Work to complete —
Print the lines of the listing below verbatim from its first line through the line bearing "A körbejárható ingatlan". Any pictures are to be omitted.

Recorded data —
○ ○ ○

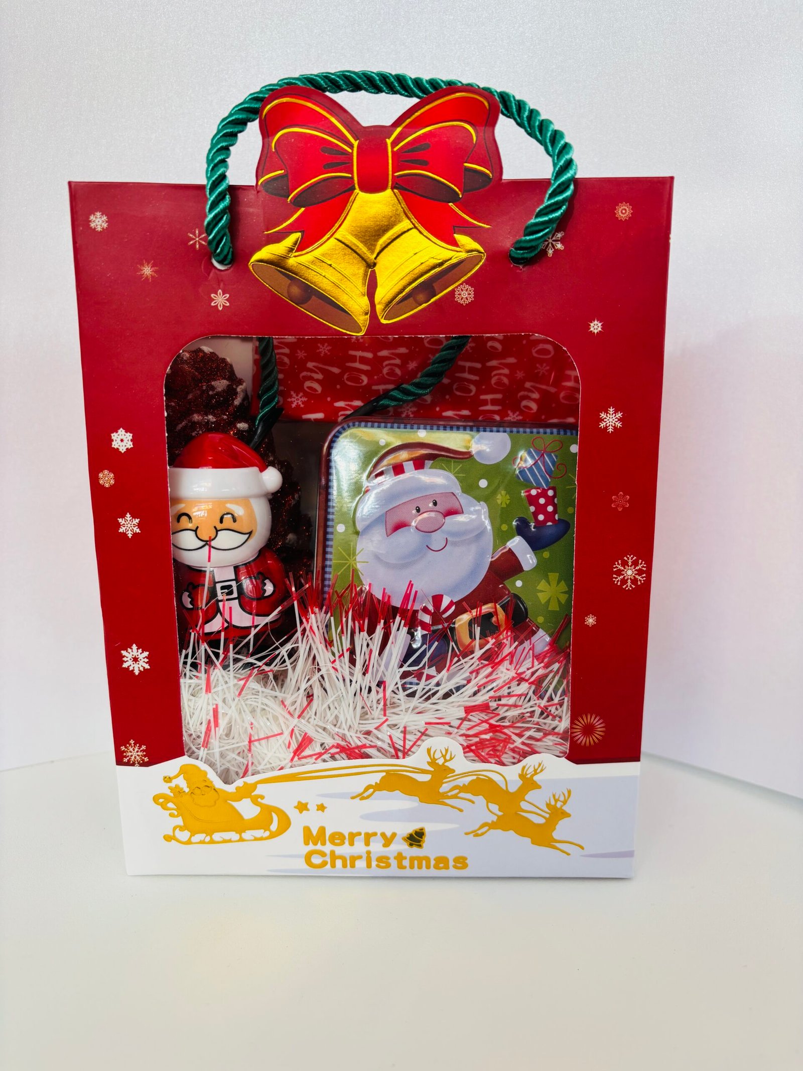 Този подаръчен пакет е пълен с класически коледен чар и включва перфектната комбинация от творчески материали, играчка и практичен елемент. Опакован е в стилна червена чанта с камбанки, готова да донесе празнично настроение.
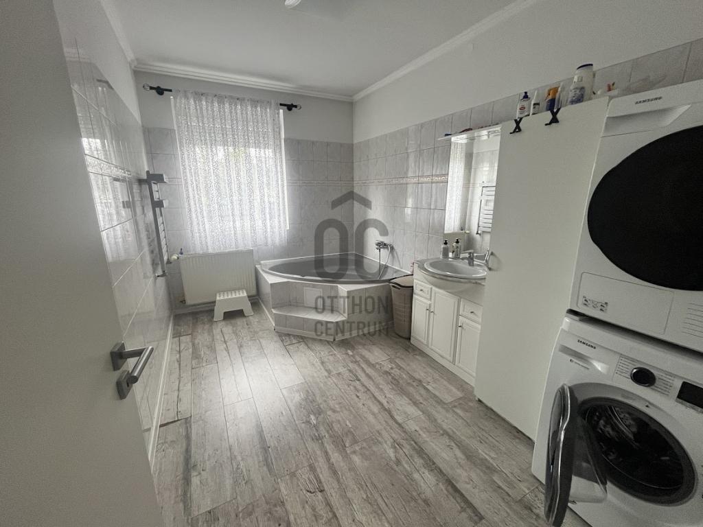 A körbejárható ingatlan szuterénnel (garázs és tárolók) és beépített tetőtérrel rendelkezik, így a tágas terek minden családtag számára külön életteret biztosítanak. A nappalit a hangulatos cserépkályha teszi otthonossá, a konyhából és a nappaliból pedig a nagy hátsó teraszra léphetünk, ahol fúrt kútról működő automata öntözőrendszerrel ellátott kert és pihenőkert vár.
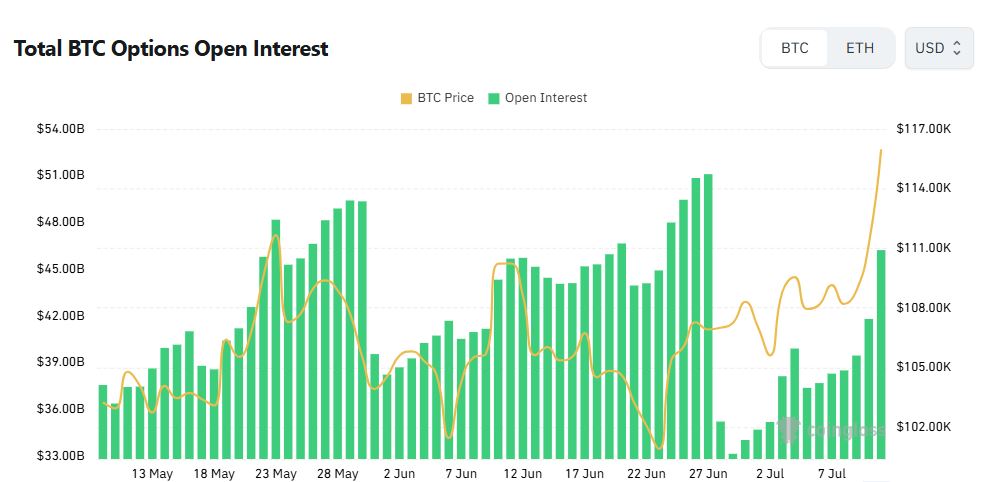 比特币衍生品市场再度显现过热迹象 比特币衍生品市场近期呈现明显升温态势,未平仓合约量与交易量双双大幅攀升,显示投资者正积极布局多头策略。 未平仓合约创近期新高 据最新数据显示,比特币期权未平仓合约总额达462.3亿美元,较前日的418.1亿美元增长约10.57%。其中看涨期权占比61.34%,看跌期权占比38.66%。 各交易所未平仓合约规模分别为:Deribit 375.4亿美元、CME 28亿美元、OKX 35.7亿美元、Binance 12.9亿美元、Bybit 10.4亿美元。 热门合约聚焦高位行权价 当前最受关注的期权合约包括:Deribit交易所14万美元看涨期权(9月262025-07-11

○ ○ ○

Exercise response —
 Този подаръчен пакет е пълен с класически коледен чар и включва перфектната комбинация от творчески материали, играчка и практичен елемент. Опакован е в стилна червена чанта с камбанки, готова да донесе празнично настроение.
 A körbejárható ingatlan szuterénnel (garázs és tárolók) és beépített tetőtérrel rendelkezik, így a tágas terek minden családtag számára külön életteret biztosítanak. A nappalit a hangulatos cserépkályha teszi otthonossá, a konyhából és a nappaliból pedig a nagy hátsó teraszra léphetünk, ahol fúrt kútról működő automata öntözőrendszerrel ellátott kert és pihenőkert vár.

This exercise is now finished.